E o que será do Flamengo sem Ronaldinho? Nos últimos 22 anos, desde que Zico se aposentou, clube e torcida estão buscando um ídolo-herói deste tamanho. Na década de 1990 apostaram em Sávio, que não “vingou” como sucessor de Zico, e também em Romário, que marcou mais de 200 gols, mas conquistou apenas um Estadual e uma Mercosul. Romário tem um lugar no coração da torcida, mas não foi o herói esperado. Talvez o maior herói do clube nos últimos 20 anos tenha sido Petkovic, pelo gol antológico de 2001, e por ter liderado, junto com Adriano, também idolatrado, a conquista do Brasileiro de 2009.

Os dirigentes do Flamengo, desta e de outras diretorias, têm o costume de dizer que o clube é “o maior do mundo”. Uma megalomania que não tem feito bem ao clube. Mais correto seria dizer que o Flamengo tem potencial para ser um dos maiores, devido a sua imensa torcida, que idolatra também jogadores que se entregam em campo, mesmo sem o talento de um Ronaldinho. O atual diretor de futebol, Zinho, fez parte da equipe liderada por Junior – outro grande ídolo/herói – na conquista do Brasileiro de 1992. Se tiver êxito em implantar o tão esperado profissionalismo, o Flamengo tem chances de voltar a ser a referência que foi na década de 1980.

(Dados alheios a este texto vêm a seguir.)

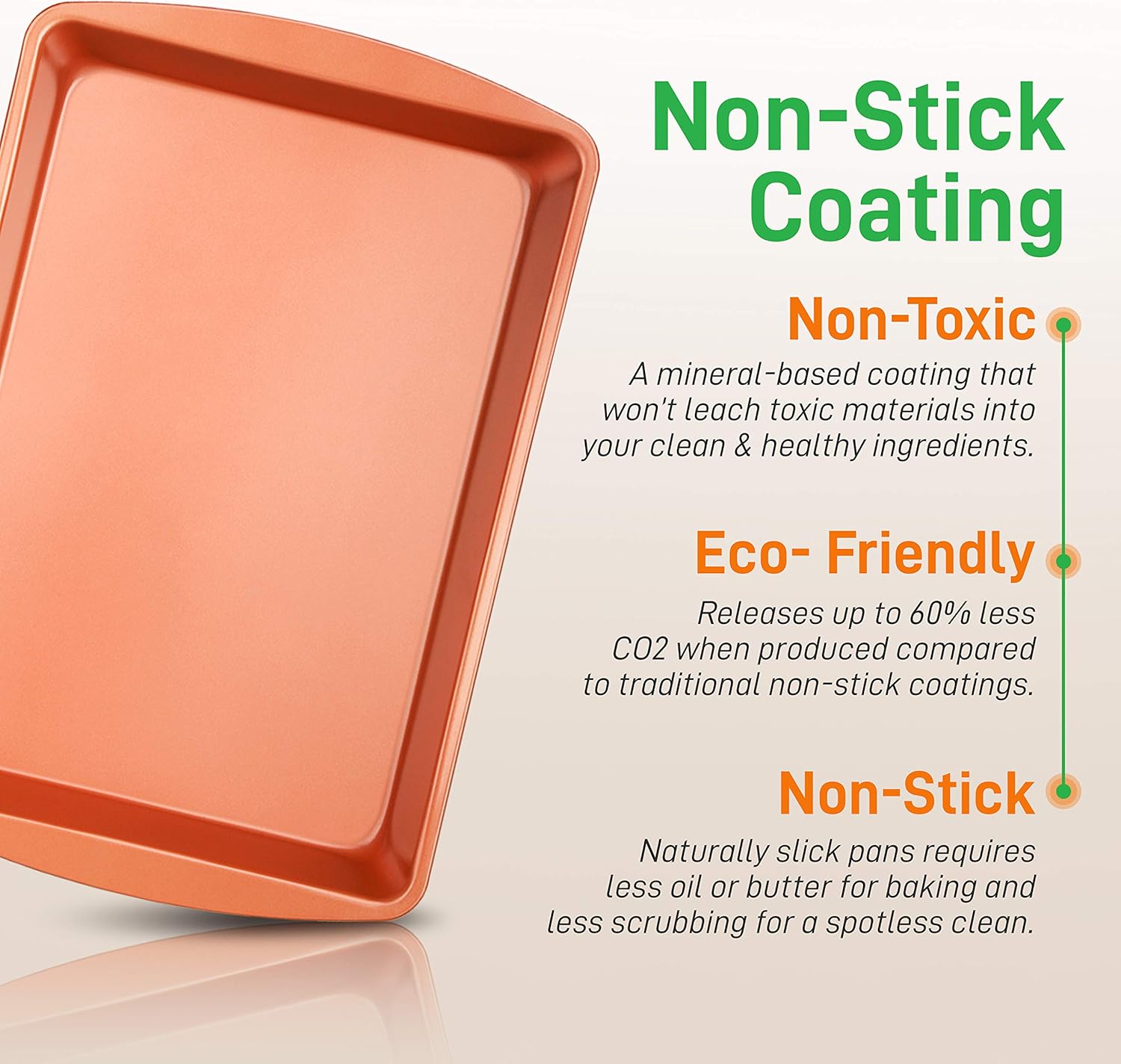 - SPACE-SAVING STACKABLE DESIGN - Made to conserve kitchen space, this non-stick baking set features a stackable tray design. Fully compatible with both standard and convection ovens, these pans are also suitable for use in refrigerators and freezers.

Matéria originalmente publicada em 06 de junho de 2012 no jornal O Globo

3 comentários em “Ronaldinho e o Flamengo

  1. Acho que a performance do ídolo passa por alguns protocolos que habilitarão a alcançar esse status de herói. O fato de ele nascer nas divisões de base ou de se revelar torcedor do clube, como é o caso do Vagner Love, faz com que exista maior afeição por parte da torcida e isso gera tolerância porque em tese o objetivo do jogador-torcedor é fazer o melhor pro time. Mas lógico, não basta só isso, tem também que ser craque e tem que ser ícone principal de uma conquista importante, que ainda não foi o caso do Love. Minha teoria é que se o Ronaldinho fosse pro Grêmio, onde ele tem fortes ligações afetivas, a tolerância poderia ser maior por parte da torcida e ele alcançaria mais facilmente o status de herói.

  2. Obrigado pelos comentários Carolina, muito pertinentes. Mas no universo esportivo as conquistas são fundamentais para o atleta ser considerado herói.